Slide-Level Foundation Models
- Slide-Level Foundation Models are neural architectures that aggregate thousands of patch features from whole-slide images into a unified representation, enabling robust predictions for biomarkers, mutations, and cancer subtypes.
- They employ diverse training paradigms—supervised, self-supervised, and multimodal pretraining—to efficiently learn from heterogeneous pathology data while minimizing fine-tuning.
- Recent models leverage hierarchical vision transformers, attention-based MIL, and memory-efficient compression techniques to enhance data efficiency, domain adaptation, and overall clinical applicability.
A slide-level foundation model is a neural architecture in computational pathology designed to learn transferable representations that summarize the global histomorphological context of entire whole-slide images (WSIs).
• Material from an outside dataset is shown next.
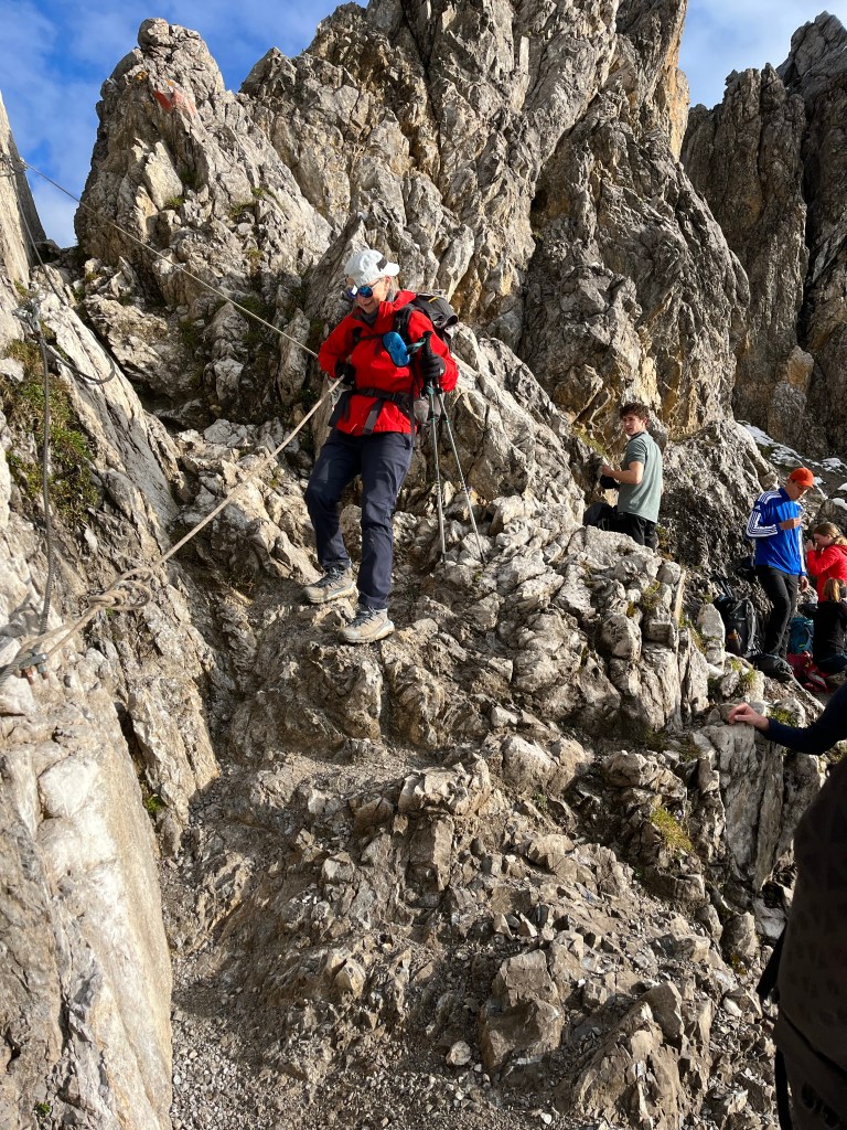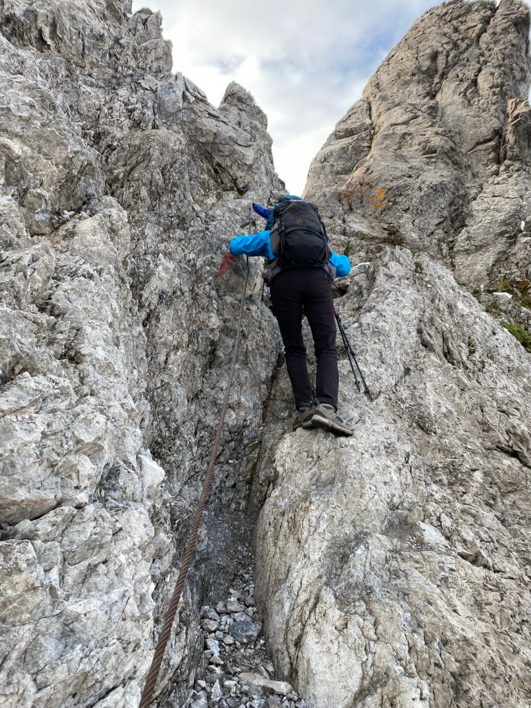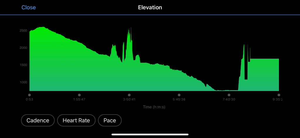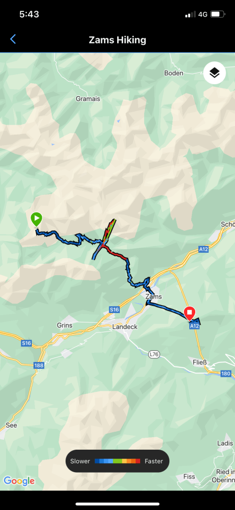 Today was quite a day. After a 6:45 departure from the hut we ascended a steep 500 meters. The elevation chart doesn’t quite show it because we forgot to start the GPS watch until almost at the top. Thereupon followed, dare we say, a challenging and occasionally harrowing descent of just shy of 2000 m. We all have stories for you for another time. Anyhow, descend we did for quite a few hours. When we thought we were close to Zams – we could see it – it took nearly 3 more hours to get there. We turned in at the Venet Gipfelhütte at the top of a mountain in Zams.

Unlike patch-level models, which encode small image regions independently, slide-level models explicitly aggregate local features across thousands of patches to produce a single vector for each slide, enabling robust prediction tasks such as biomarker status, mutation, cancer subtyping, or prognostic outcomes under minimal fine-tuning. The modern landscape includes supervised, self-supervised, and multimodal (vision-language/omics) approaches, with architectures ranging from hierarchical vision transformers and attention-based MIL networks to efficient hybrid fusion schemes. Slide-level supervision and end-to-end training provide data-efficient learning and resilience to domain shift, facilitating state-of-the-art performance on diverse real-world pathology datasets.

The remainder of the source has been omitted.